Bob Allen shooting gloves from Cabela's

If you can find them... 10x shooting gloves are my favorite ones

Mac


----------



## WillAdams (Jun 6, 2009)

I'm pretty sure that's the Bearpaw glove --- it's okay, and I used one until I bought a Hawkwood bowglove from 3rivers, but that one was suede and didn't hold up well, so I bought direct from the manufacturer:

http://www.ravenswoodleather.com/index.php?p=product&id=398

and I much prefer it, except for the colour, but it won't wear out.


----------



## Dewey3 (May 6, 2012)

I tried to buy the Legacy glove from LAS, but they sent me the wrong hand glove - 3 times !
By the law of probability, they should have got it right at least ONCE!
This after two returns, two letters of explanation and two phone calls.
I finally posted my problem on this forum, and someone from LAS replied that they would correct the problem - but never did. 
After that post I never heard back from them. 
So I gave up.

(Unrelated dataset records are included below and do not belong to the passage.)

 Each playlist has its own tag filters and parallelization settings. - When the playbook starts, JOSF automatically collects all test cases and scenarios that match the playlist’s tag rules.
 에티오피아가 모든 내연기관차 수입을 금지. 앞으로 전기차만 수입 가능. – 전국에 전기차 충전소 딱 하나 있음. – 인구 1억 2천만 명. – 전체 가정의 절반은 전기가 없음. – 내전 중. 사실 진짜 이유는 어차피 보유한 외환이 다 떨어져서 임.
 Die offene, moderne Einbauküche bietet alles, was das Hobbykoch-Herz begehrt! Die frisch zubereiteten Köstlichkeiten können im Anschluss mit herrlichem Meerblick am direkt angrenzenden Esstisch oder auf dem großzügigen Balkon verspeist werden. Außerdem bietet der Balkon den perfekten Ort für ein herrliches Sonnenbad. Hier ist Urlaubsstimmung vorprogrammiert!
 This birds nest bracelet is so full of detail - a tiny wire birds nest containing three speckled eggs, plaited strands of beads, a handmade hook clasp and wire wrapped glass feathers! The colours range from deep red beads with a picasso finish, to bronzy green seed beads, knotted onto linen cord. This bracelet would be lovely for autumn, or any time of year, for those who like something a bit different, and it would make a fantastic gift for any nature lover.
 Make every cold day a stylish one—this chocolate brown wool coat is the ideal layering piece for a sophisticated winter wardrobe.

I buy from 3R now.

If you really want to buy a glove, get it from somewhere else.


----------



## Easykeeper (Jan 2, 2003)

If it's chilly I frequently wear a glove on my bow hand, and I always wear a glove when hunting. Unless it's really cold I use a regular buckskin glove, the same kind that make such nice work gloves. You can get them at most good hardware, farm supply, or sporting goods store.

When it's really cold I use an insulated buckskin glove on my bow hand and a modified uninsulated glove on my string hand...:wink:


----------



## geom12 (Apr 10, 2013)

thanks for your input


----------



## Thin Man (Feb 18, 2012)

Just got a two-pack of the leather Wells Lamont work gloves (nee "White Mule" in the old days) at Walmart for $4.

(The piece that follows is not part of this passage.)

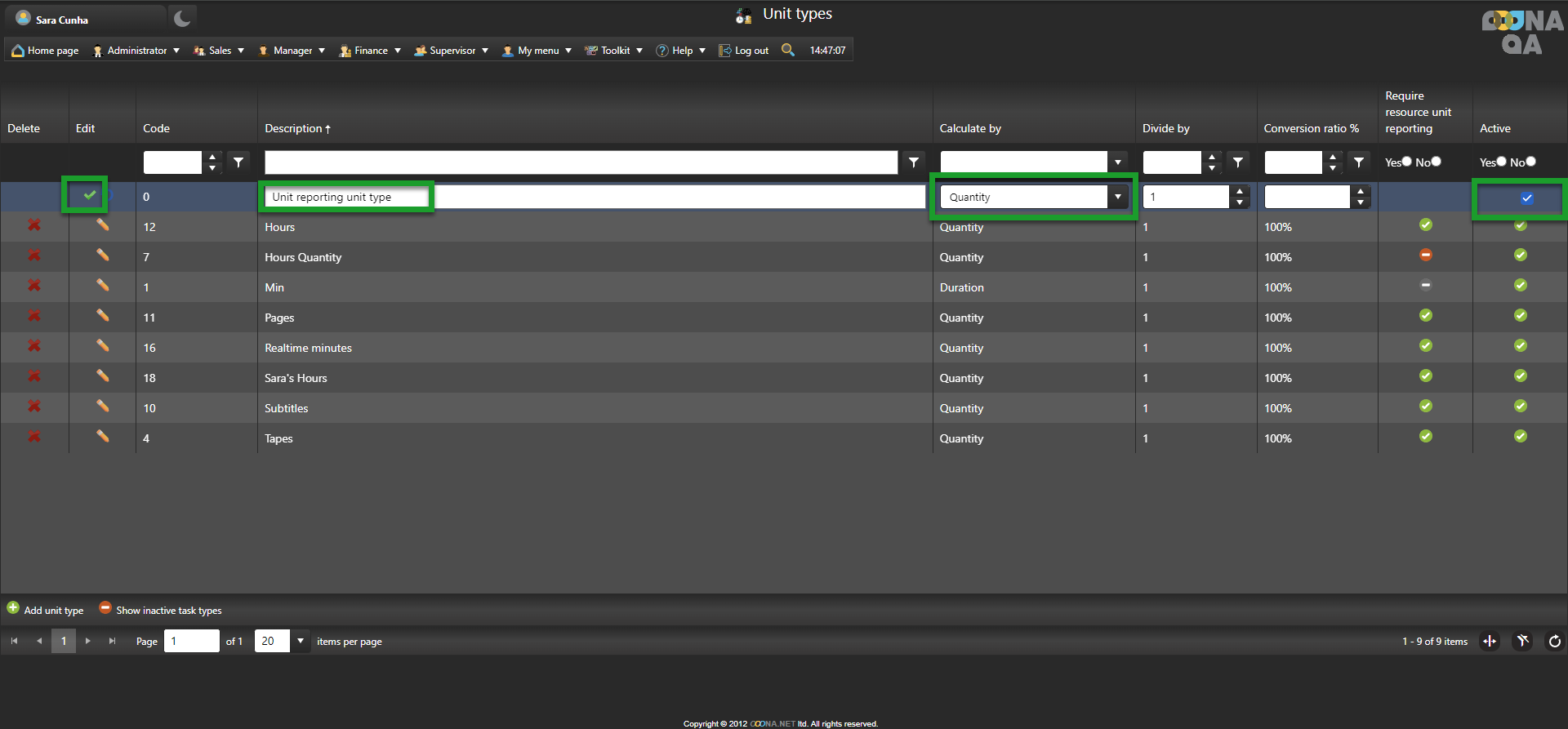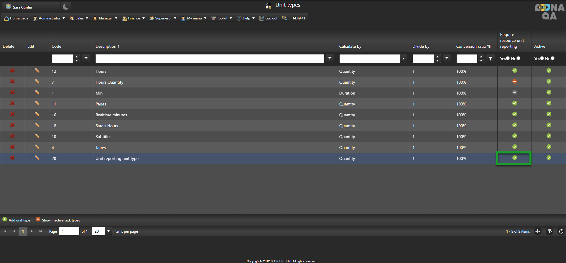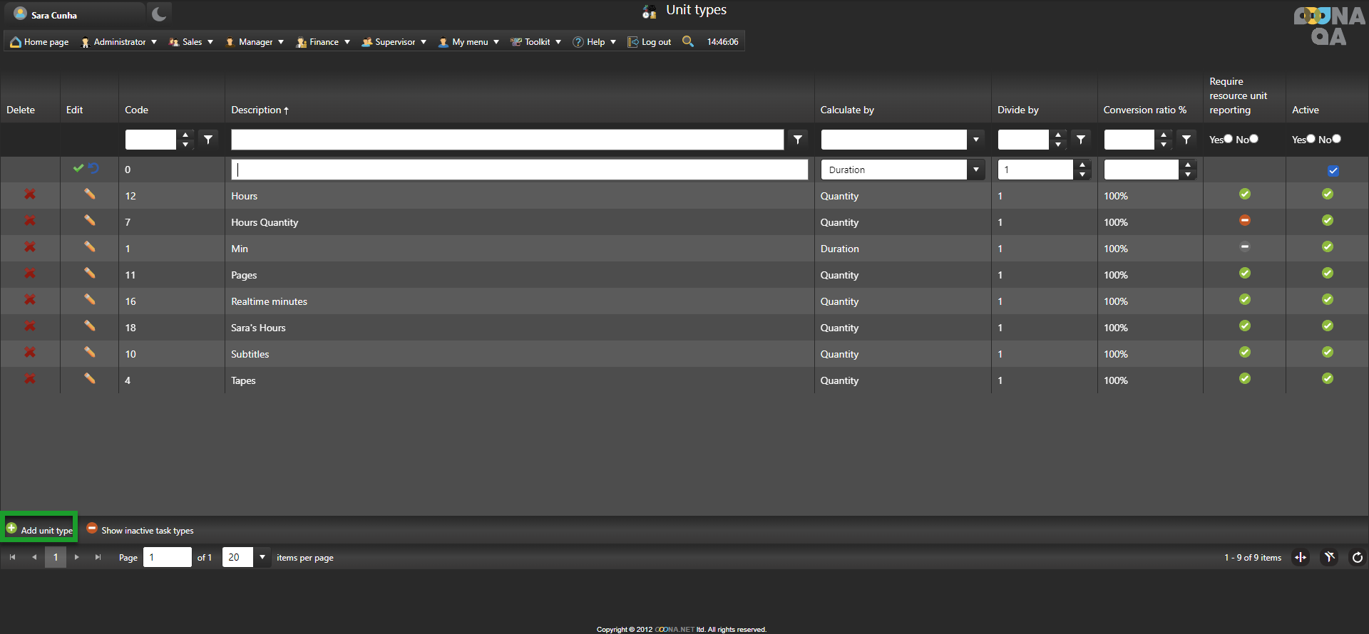 If there is no unit type calculated by quantity and with “Require resource unit reporting” enabled, a new unit type needs to be created.

Short of using the skin-tight, race car driver style gloves, dem mules ain't no slouches!

Might not be yer archery cup o' tea, but worth bearing in mind for those grease monkey or splintery wood projects that pop up unexpectedly on the most beautiful of sunny days.


----------



## cowboyup_again (Aug 13, 2009)

I use a pair of mechanics gloves. I cut out the right index finger to the first joint which allows me dexterity on my release. The gloves are a tight enough fit they don't get in the way and I lose a minimum of dexterity.


----------



## wpod (Mar 30, 2013)

cowboyup_again said:


> I use a pair of mechanics gloves. I cut out the right index finger to the first joint which allows me dexterity on my release. The gloves are a tight enough fit they don't get in the way and I lose a minimum of dexterity.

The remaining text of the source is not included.